Really interesting article from the 40′s about combating VD. Both in terms of medical treatment (the new wonder drug penicillin) and in terms of health education (removing the taboo from talking about VD). It’s also really interesting to see the how little has changed in regards to the balance between curing illness and “promoting sexuality”. This quote from the article:

Not all experts see this as an unmixed blessing. Dr. John Stokes, syphilologist of the University of Pennsylvania, is worried about the effect on morals. “If extramarital sexual relations,” he has said, “lead neither to significant illness nor unwanted parenthood, only a few intangibles of the spirit remain to guide children of the new era from an outmoded past into an unbridled future.”

Is very similar to this one regarding the recent HPV vaccine

“Abstinence is the best way to prevent HPV. Giving the HPV vaccine to young women could be potentially harmful because they may see it as a license to engage in premarital sex.” – Bridget Maher of the Family Research Council

The basic idea being that people should be punished for having sex outside of marriage.

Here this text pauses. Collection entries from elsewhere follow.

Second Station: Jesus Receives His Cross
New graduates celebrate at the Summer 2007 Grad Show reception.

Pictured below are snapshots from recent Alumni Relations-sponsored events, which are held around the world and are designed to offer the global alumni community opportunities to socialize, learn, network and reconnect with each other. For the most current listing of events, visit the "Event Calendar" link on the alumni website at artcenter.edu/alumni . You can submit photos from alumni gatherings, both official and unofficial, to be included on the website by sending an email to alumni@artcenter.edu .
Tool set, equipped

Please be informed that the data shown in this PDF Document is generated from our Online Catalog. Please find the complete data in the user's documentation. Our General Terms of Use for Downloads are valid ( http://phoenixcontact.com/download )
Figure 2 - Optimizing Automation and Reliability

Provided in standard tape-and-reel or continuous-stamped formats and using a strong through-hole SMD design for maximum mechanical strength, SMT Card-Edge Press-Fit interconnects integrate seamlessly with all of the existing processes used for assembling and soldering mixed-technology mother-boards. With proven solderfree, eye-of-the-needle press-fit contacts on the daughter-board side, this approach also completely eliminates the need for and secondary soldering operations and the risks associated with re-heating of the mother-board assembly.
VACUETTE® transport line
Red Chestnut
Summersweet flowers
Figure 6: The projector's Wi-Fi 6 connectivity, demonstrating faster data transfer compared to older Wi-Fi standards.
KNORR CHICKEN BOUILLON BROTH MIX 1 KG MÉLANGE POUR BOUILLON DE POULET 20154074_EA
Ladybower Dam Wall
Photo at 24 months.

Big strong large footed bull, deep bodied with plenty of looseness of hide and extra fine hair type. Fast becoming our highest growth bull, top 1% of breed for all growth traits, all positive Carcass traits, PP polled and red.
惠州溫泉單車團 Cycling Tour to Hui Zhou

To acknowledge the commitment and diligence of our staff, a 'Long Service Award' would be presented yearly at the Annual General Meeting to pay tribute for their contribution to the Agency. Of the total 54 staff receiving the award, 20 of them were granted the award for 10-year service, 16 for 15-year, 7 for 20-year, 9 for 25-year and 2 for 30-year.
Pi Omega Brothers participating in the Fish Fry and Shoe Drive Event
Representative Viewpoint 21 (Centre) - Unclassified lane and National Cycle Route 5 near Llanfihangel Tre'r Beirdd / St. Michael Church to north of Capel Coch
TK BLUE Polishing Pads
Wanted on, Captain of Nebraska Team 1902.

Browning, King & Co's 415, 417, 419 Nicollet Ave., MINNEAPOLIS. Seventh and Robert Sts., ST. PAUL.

The New Attack On Venereal Disease

Tent shows, hill-billies and a new drug are some of the weapons which may relegate syphilis and gonorrhea to the text-books in a few years

A carnival tent show in a Michigan State Fair (top photograph and opposite page) and a little bottle of creamy white liquid (above) are the new shock troops in a two-front war against venereal disease. Between them, they may wipe out this scourge of mankind within the next ten or twenty years.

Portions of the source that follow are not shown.